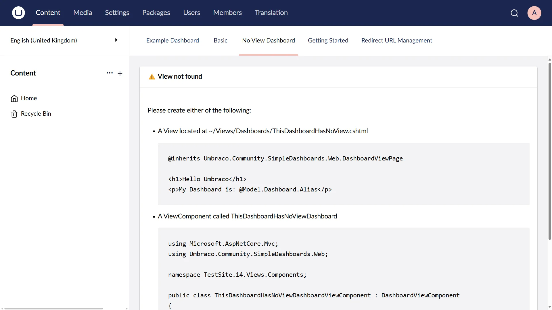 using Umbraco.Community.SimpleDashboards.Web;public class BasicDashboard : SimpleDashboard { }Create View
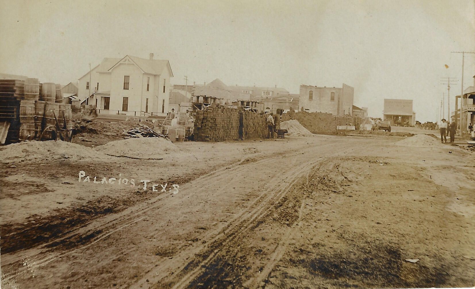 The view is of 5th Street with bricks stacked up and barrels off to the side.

************

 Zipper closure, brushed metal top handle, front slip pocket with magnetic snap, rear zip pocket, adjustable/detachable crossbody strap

************

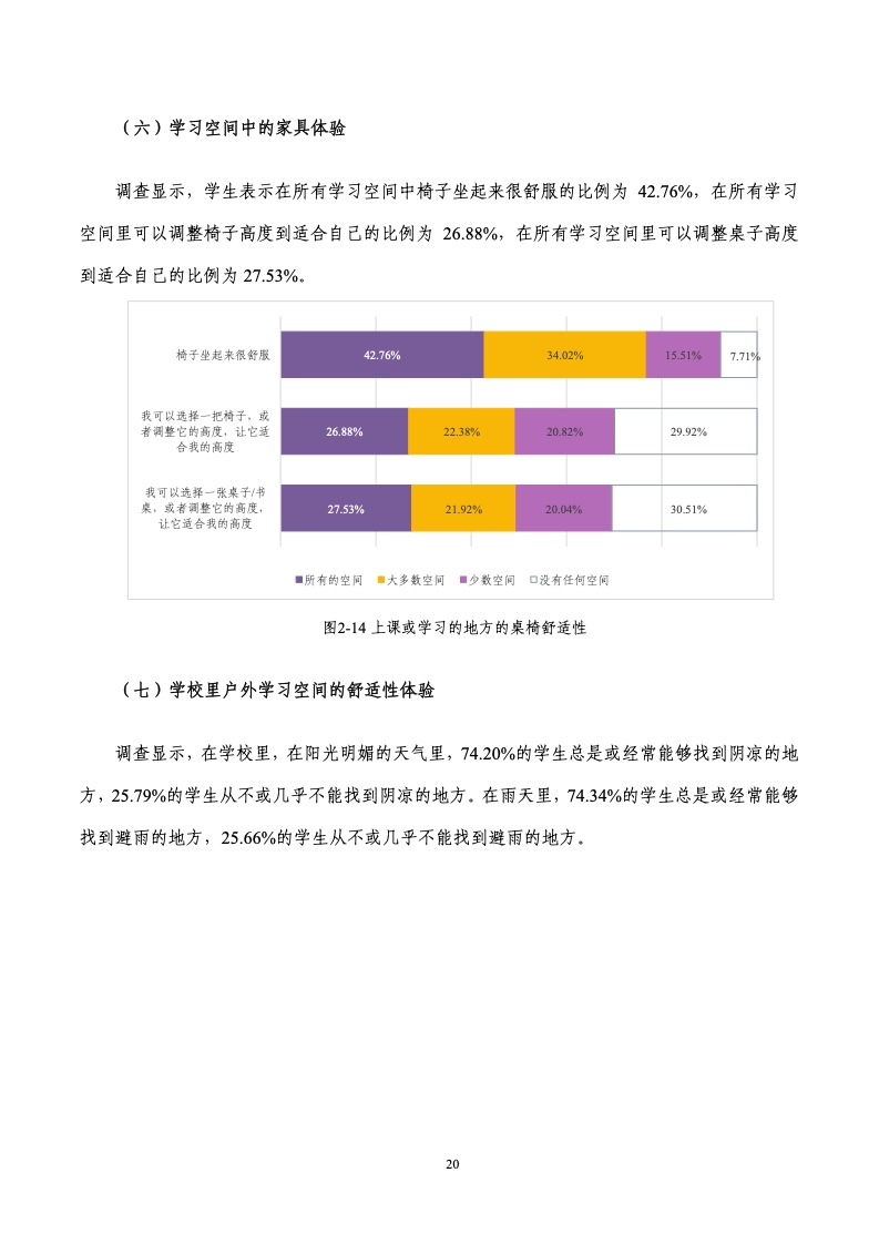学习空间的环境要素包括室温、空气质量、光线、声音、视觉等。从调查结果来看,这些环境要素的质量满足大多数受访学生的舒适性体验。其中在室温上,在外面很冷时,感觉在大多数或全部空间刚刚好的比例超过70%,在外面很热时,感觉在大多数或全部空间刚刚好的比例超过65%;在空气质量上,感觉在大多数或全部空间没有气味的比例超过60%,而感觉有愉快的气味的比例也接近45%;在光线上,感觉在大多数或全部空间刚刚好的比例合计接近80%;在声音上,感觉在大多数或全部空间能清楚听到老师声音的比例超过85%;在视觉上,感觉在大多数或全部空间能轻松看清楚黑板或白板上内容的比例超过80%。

************

_What you need to do_
Only the lines of the listing above from the one with "using Umbraco.Community.SimpleDashboards.Web;public class" through the one with "The view is" should be output, exactly, with both ends kept and pictures left out.

_Reply to the task_
 using Umbraco.Community.SimpleDashboards.Web;public class BasicDashboard : SimpleDashboard { }Create View
 The view is of 5th Street with bricks stacked up and barrels off to the side.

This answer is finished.